Look through the records below for the line with "Προσκλητήριο βάπτισης παπυράκι". Return that line and each one after it up to and including the line with "Para esta nova", exactly.

* Material for this exercise:
=== Section Start ===

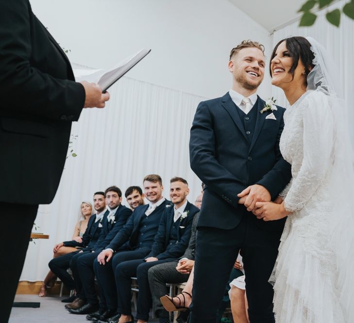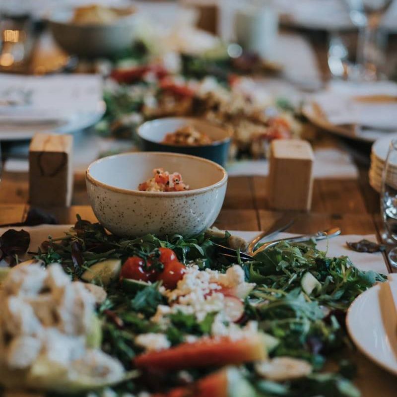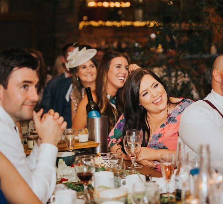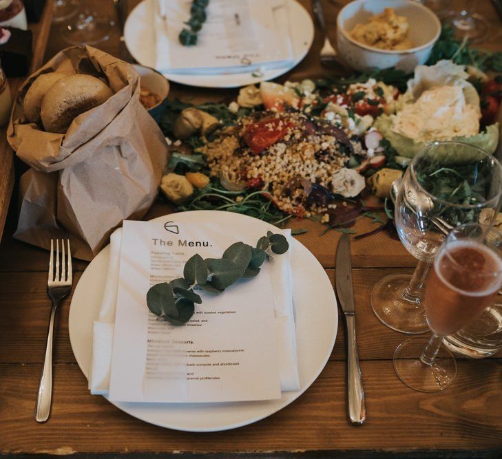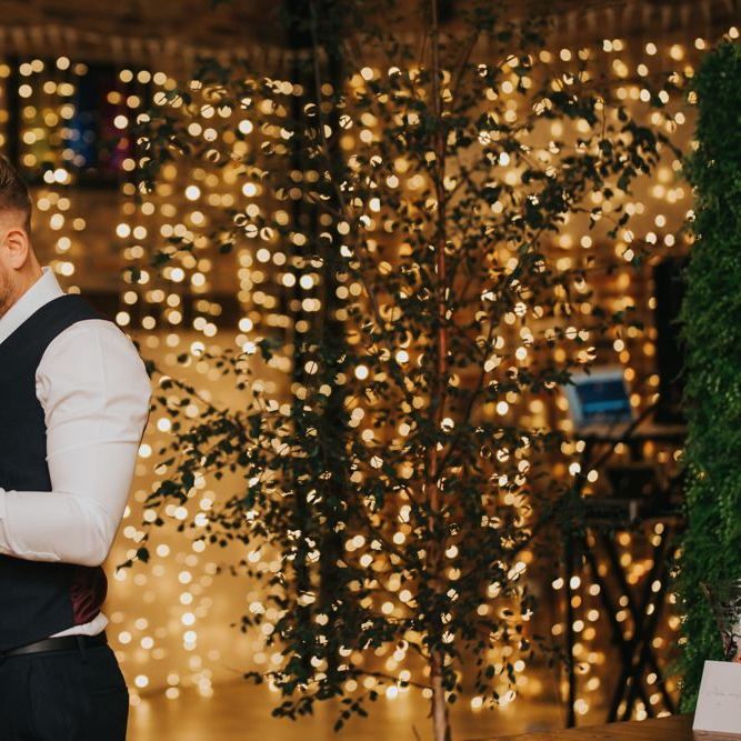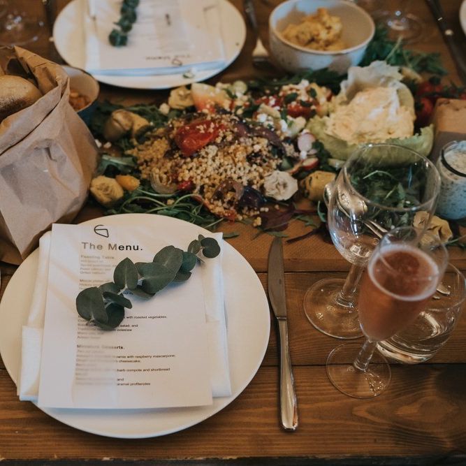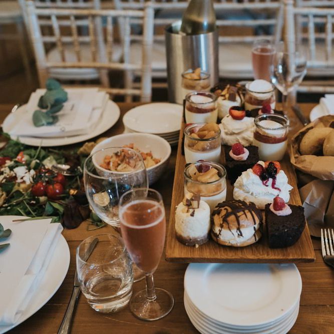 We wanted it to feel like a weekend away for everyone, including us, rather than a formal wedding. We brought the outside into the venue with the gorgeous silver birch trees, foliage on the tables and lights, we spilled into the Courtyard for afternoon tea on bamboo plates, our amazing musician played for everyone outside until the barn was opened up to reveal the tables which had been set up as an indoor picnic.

=== Section End ===
=== Section Start ===

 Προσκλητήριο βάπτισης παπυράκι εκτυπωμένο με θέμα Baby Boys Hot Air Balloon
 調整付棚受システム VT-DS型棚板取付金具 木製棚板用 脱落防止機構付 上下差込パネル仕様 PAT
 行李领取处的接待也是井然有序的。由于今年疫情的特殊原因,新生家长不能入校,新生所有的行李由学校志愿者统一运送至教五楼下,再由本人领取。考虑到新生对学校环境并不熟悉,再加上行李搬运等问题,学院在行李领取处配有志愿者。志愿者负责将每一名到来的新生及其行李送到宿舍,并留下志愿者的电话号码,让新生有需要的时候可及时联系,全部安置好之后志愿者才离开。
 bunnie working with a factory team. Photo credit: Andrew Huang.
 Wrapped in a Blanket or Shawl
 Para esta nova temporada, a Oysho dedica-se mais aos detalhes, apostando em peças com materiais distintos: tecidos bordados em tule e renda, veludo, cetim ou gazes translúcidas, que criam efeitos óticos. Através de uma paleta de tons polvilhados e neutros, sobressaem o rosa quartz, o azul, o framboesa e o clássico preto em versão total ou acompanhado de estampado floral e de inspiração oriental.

=== Section End ===

* Exercise output:
 Προσκλητήριο βάπτισης παπυράκι εκτυπωμένο με θέμα Baby Boys Hot Air Balloon
 調整付棚受システム VT-DS型棚板取付金具 木製棚板用 脱落防止機構付 上下差込パネル仕様 PAT
 行李领取处的接待也是井然有序的。由于今年疫情的特殊原因,新生家长不能入校,新生所有的行李由学校志愿者统一运送至教五楼下,再由本人领取。考虑到新生对学校环境并不熟悉,再加上行李搬运等问题,学院在行李领取处配有志愿者。志愿者负责将每一名到来的新生及其行李送到宿舍,并留下志愿者的电话号码,让新生有需要的时候可及时联系,全部安置好之后志愿者才离开。
 bunnie working with a factory team. Photo credit: Andrew Huang.
 Wrapped in a Blanket or Shawl
 Para esta nova temporada, a Oysho dedica-se mais aos detalhes, apostando em peças com materiais distintos: tecidos bordados em tule e renda, veludo, cetim ou gazes translúcidas, que criam efeitos óticos. Através de uma paleta de tons polvilhados e neutros, sobressaem o rosa quartz, o azul, o framboesa e o clássico preto em versão total ou acompanhado de estampado floral e de inspiração oriental.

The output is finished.